- _Provided data_
-=-=-=-=-
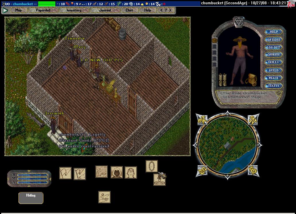 (2) Square Dealing: That's right. At chumbucket's Legally Obtained Goods, there is no scamming and no stealing. All items are as described. None are described in a misleading way. I and any of my associates never steal, scam or kill near the vendor. I, of course, reserve the right to self-defense.
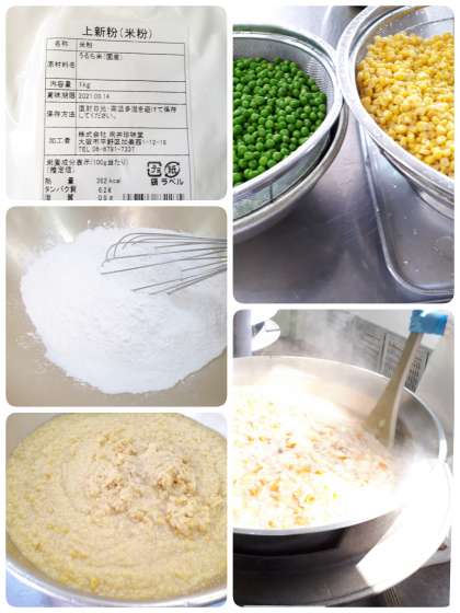 コーンクリームシチュー【米粉】は、小麦アレルギーのある児童も食べることができるように小麦粉を使った手作りルウの代わりに、水どきの上新粉でとろみをつけます。
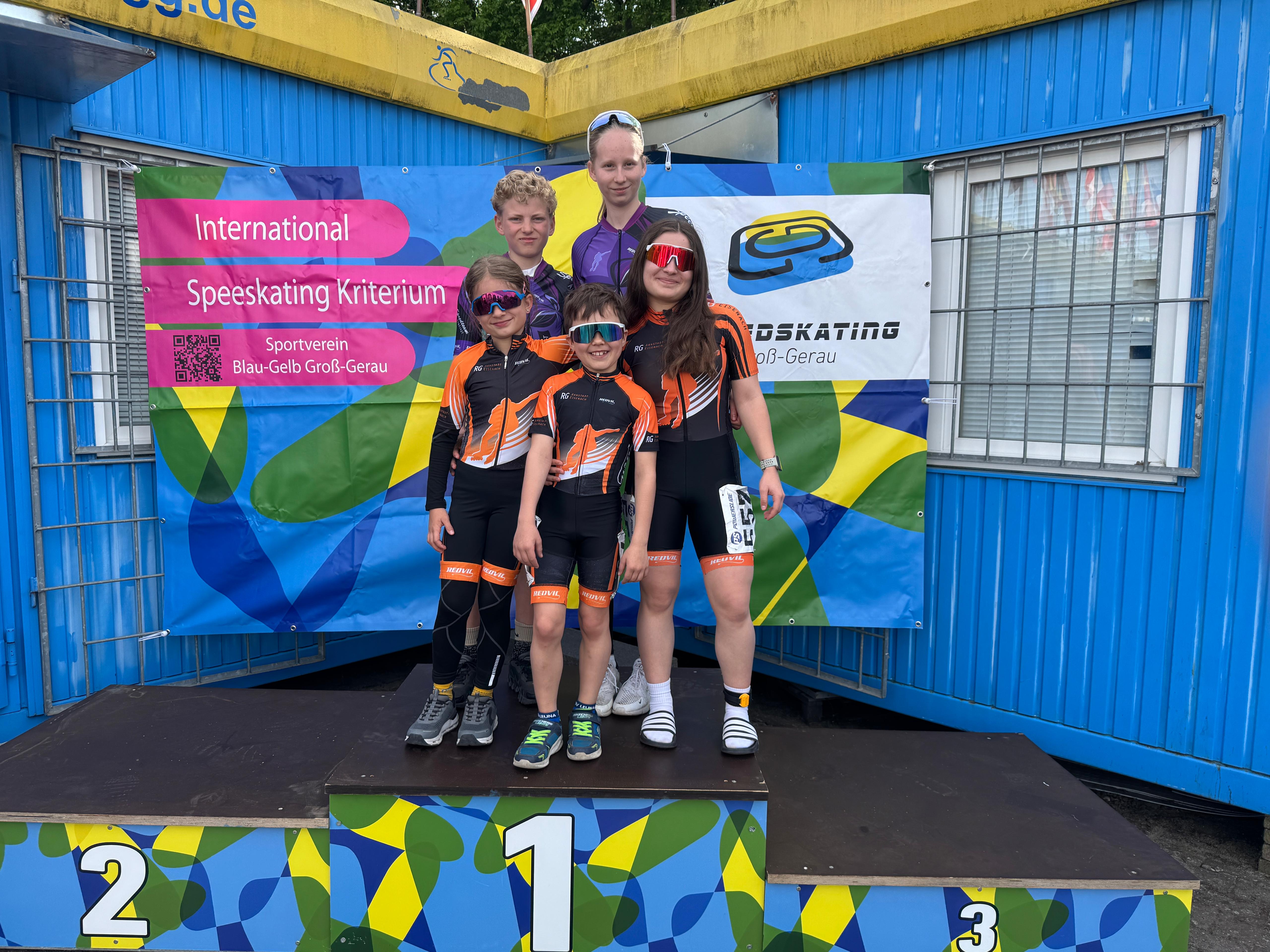 Beim 48. Internationalem Kriterium in Gross-Gerau war in diesem Jahr unser gesamter Europacup Kader am Start. Maja, Emil, Charlotte und Amélie starteten für unseren Speedskating Arnstadt und Luca trat für das MANAO Future Team an. Bereits am Donnerstag, dem 23.04., ging es für die Ersten direkt von der Schule ab auf die Autobahn und los zur Bahn mit den vier Kurven. Ohne größere Probleme erreichten wir Gross-Gerau. Ein Platz für unser Bahnzelt zu finden, erwies sich dagegen als die größere Herausforderung. Zum Glück hatte der SCC Berlin ein Flecken für uns übrig und so konnten wir uns doch noch direkt an der Bahn einrichten. Danke nochmal!
-=-=-=-=-
- _Exercise brief_
Return exactly what appears from the opening line of the material through the line with "コーンクリームシチュー【米粉", apart from the pictures.

- _Answer_
 (2) Square Dealing: That's right. At chumbucket's Legally Obtained Goods, there is no scamming and no stealing. All items are as described. None are described in a misleading way. I and any of my associates never steal, scam or kill near the vendor. I, of course, reserve the right to self-defense.
 コーンクリームシチュー【米粉】は、小麦アレルギーのある児童も食べることができるように小麦粉を使った手作りルウの代わりに、水どきの上新粉でとろみをつけます。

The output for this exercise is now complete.